Next, find a list of words that you commonly use in your writing. Let us say that I love to use contractions when I write, maybe I always use words such as: “can’t”, “don’t”, “shouldn’t”, “won’t”, or “let’s”. Well, maybe go into LibreWriter and use “Search and Replace” to replace all contractions with the full versions of the words (“can’t” > “cannot”, “don’t” > “do not”, “shouldn’t” > “should not”, “won’t” > “will not”, “let’s” > “let us”). This can make a large difference in your writing and give a difference in how people and most importantly your adversaries perceive you. You can change most words to be different, as an example you can change “huge” to “large”. Just make sure these words fit with your identity.
Now, consider changing your words choices to fit a geographic location. Maybe you live in the US, and you want to give the impression that your identity is from the UK. For example, you can make use of location-based spelling and lexicon. This is risky, and one mistake can give it away.
First off, you need to decide where you want to give the impression of your location. Here is an example to give off the impression that you are from the US, or the UK. First, you will need to understand a thing or two about where your identity is “from”, do not pretend that you are from the UK, yet have no idea about it other than it exists.
After you have decided upon a good location that your identity is from, research the differences in language between the two languages (in this case between UK English and US English). Thanks to the internet, this is quite easy, and you can find Wikipedia pages conveniently highlighting the regional differences of a language between two nations. Pay attention to how certain words are spelled (“metre” > “meter”) and what words are exchanged with each other (“boot” > “trunk”). Now that you have a list of words that can be exchanged with each other, and a list of spelling that are different, use the “Search and Replace” in your editor and change the words such as “colour” into “color”, and “lorry” into “truck”. Again, do not use an AutoCorrect feature or “Replace All” as some changes might not make sense. Review each proposed change. As an example, if you were to use AutoCorrect or “Replace all” on the word “boot” to change into “trunk”, this would make perfect sense in the context of cars. But it would not make any sense in the context of shoes.
Understand that you have to constantly think of what you type and how you type while conducting sensitive activities.

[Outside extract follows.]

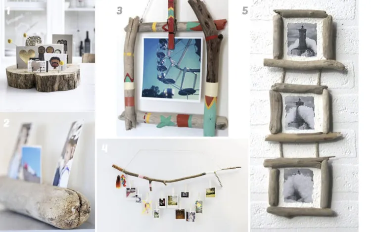 Otra manualidad muy fácil que podemos hacer con troncos son los portarretratos o los marcos para lucir nuestras fotos y nuestros dibujos. Podemos utilizar los troncos y palitos a modo de marco o bien para sujetar nuestras imágenes de distintas formas. Aquí tenéis algunos ejemplos muy chulas que os pueden servir para decorar utilizando fotografía y troncos de una forma muy original.

Understand that altering your writing style for such purposes can ultimately change your baseline writing style, ironically making your writing traceable over longer periods.

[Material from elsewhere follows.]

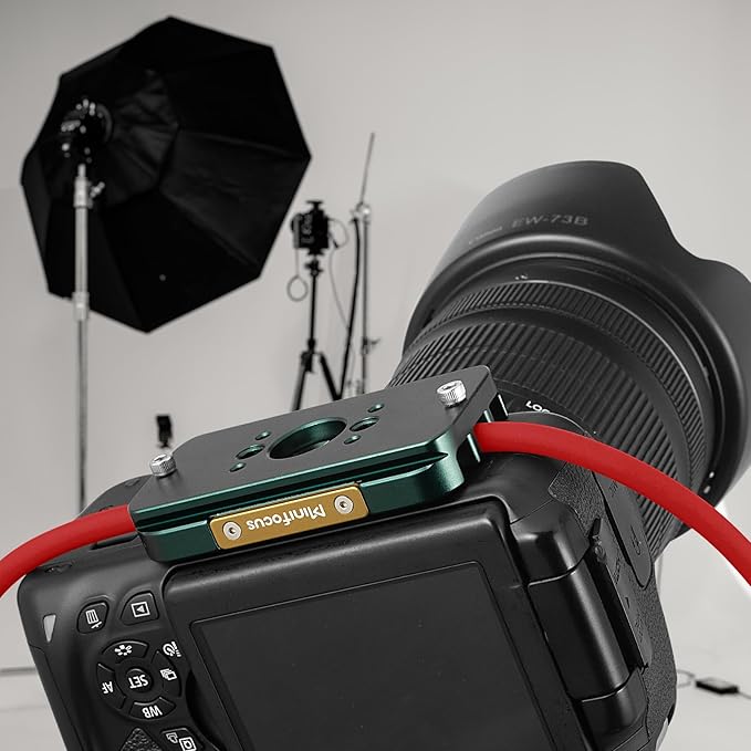 [機能的な設計]不必要な損傷からあなたのカメラの敏感なデータ港を保護する1/4"-20の糸の台紙が付いているあなたのカメラボディに固定されるあなたのケーブルかコードを保つこと。また、プレートは底部に2つの落下防止ネジがあり、不注意で雲台のクランプが緩んでしまった場合でも、カメラとプレートがボールヘッドから前方または後方にスライドするのを防ぎます

Proofread yourself at least one time after you are done writing anything to verify you made no mistakes in your process. Trust (yourself) but verify anyway.
- https://www.whonix.org/wiki/Surfing_Posting_Blogging#Stylometry [Archive.org]: Whonix documentation about stylometry.
- https://wikipedia.org/wiki/Forensic_linguistics [Wikiless] [Archive.org]: Gives a brief rundown of the basics of forensic linguistics, not too informative.
- https://wikipedia.org/wiki/Writeprint [Wikiless] [Archive.org]: Gives a brief and informative rundown of forensic linguistics applied to internet investigations.
- https://wikipedia.org/wiki/Stylometry [Wikiless] [Archive.org]: Gives a brief overview of Stylometry.
- https://wikipedia.org/wiki/Content_similarity_detection [Wikiless] [Archive.org]: I would recommend reading this, quite informative.
- https://wikipedia.org/wiki/Author_profiling [Wikiless] [Archive.org]: Read through this as well if you are interested in this topic.
- https://wikipedia.org/wiki/Native-language_identification [Wikiless] [Archive.org]: This is less important if you use a translator, but if you do not use a translator to communicate on forums that are not in your native language, consider giving this a quick read through.
- https://wikipedia.org/wiki/Computational_linguistics [Wikiless] [Archive.org]: Only read through this if this topic is interesting to you.
- https://regmedia.co.uk/2017/09/27/gal_vallerius.pdf [Archive.org]: Explains how authorities used forensic linguistics to help arrest OxyMonster (pages 13 – 14).
- https://wikipedia.org/wiki/Ted_Kaczynski#After_publication [Wikiless] [Archive.org]: May have an IQ of 167, but he was caught primarily based on forensic linguistics.
- https://i.blackhat.com/USA-19/Wednesday/us-19-Wixey-Im-Unique-Just-Like-You-Human-Side-Channels-And-Their-Implications-For-Security-And-Privacy.pdf [Archive.org]: Explains how your writing style can be used to track you, I highly recommend reading through these slides, or watching the accompanying presentation on YouTube.
- https://media.defcon.org/DEF%20CON%2026/DEF%20CON%2026%20presentations/DEFCON-26-Matt-Wixey-Betrayed-by-the-Keyboard-Updated.pdf [Archive.org]: Explains how your writing style can be used to track you, I highly recommend reading through these slides, or watching the accompanying presentation on YouTube, this is quite similar to the last presentation.
- https://i.blackhat.com/us-18/Wed-August-8/us-18-Wixey-Every-ROSE-Has-Its-Thorn-The-Dark-Art-Of-Remote-Online-Social-Engineering.pdf [Archive.org]: This goes over how to potentially spot deception through the internet, and presents a checklist to see how trustworthy someone is. I would advise reading the slides or watching the presentation on YouTube.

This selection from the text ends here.